## TASK TO COMPLETE
Once "Escarpins en cuir" turns up in a line below, reproduce that line and those after it exactly, stopping after the line with "Volcano plot of"; leave pictures out.

[[ PROVIDED MATERIAL open ]]

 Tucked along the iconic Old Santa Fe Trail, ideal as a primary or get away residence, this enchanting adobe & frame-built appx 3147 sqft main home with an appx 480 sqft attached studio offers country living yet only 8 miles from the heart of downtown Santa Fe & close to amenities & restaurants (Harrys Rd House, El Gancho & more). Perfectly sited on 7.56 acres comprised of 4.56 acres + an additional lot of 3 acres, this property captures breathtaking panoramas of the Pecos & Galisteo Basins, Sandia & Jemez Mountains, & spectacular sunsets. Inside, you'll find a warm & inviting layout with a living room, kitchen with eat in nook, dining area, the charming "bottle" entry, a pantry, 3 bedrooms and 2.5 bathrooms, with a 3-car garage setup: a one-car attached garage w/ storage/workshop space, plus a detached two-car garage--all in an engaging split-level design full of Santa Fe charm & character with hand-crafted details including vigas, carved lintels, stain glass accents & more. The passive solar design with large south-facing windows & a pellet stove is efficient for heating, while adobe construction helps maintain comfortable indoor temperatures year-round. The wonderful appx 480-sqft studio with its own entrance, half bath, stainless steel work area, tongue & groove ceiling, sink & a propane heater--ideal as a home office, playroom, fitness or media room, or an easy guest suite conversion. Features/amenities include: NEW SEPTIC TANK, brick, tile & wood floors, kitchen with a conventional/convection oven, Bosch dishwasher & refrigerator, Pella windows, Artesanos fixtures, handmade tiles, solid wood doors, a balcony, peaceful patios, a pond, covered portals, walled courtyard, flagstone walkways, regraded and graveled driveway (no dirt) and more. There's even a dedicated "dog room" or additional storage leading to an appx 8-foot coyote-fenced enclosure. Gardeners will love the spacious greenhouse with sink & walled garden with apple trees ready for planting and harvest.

[[ PROVIDED MATERIAL closed ]]
[[ PROVIDED MATERIAL open ]]

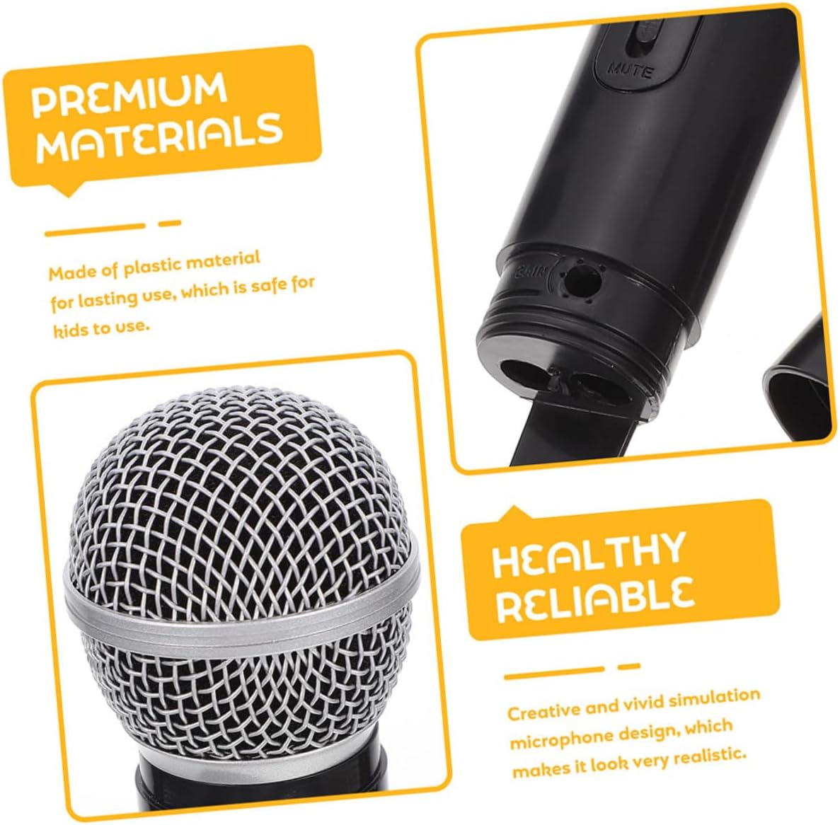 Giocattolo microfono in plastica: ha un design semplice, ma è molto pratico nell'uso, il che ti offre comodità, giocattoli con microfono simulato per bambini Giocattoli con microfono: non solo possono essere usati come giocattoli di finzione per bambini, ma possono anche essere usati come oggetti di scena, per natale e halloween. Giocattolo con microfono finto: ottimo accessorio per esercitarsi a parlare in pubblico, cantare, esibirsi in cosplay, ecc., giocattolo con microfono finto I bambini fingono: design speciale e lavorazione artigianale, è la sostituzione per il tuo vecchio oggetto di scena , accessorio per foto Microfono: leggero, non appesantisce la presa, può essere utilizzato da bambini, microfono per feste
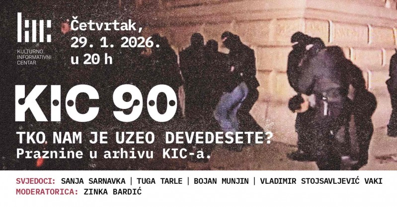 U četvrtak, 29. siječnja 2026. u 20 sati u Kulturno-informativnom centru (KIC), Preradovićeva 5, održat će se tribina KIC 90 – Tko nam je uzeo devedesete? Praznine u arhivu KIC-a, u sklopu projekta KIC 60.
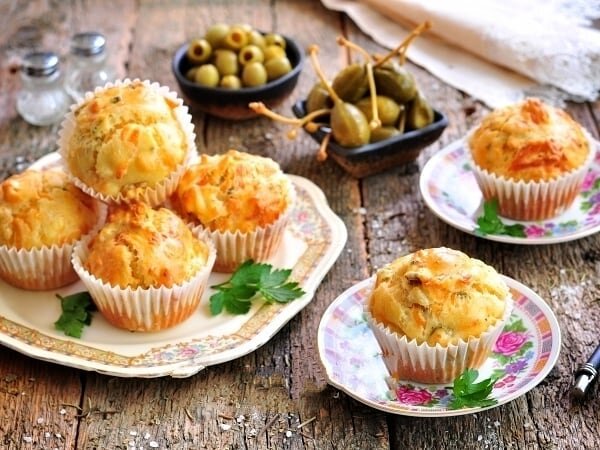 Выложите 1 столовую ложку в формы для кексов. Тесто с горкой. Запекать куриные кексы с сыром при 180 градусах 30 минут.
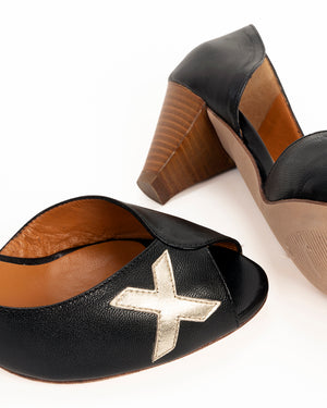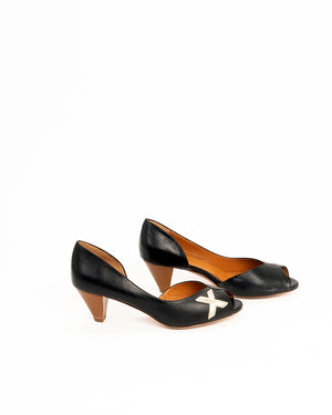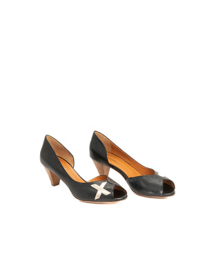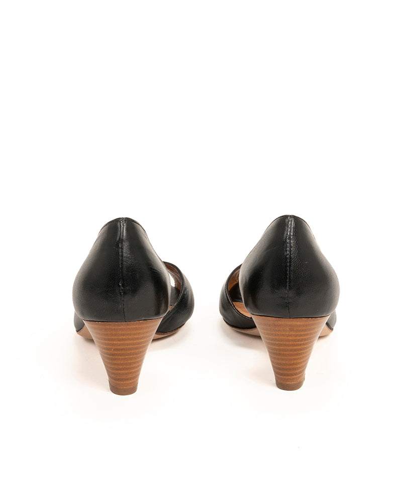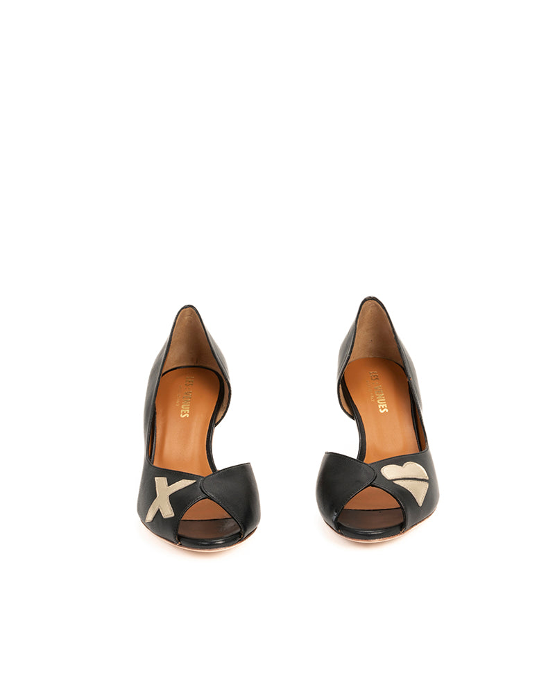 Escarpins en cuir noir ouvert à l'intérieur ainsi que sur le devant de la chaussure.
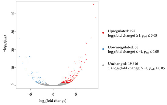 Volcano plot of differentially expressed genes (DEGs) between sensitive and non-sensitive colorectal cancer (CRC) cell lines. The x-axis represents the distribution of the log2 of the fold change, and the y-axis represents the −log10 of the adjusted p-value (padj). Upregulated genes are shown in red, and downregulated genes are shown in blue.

[[ PROVIDED MATERIAL closed ]]

## SOLUTION BELOW
 Escarpins en cuir noir ouvert à l'intérieur ainsi que sur le devant de la chaussure.
 Volcano plot of differentially expressed genes (DEGs) between sensitive and non-sensitive colorectal cancer (CRC) cell lines. The x-axis represents the distribution of the log2 of the fold change, and the y-axis represents the −log10 of the adjusted p-value (padj). Upregulated genes are shown in red, and downregulated genes are shown in blue.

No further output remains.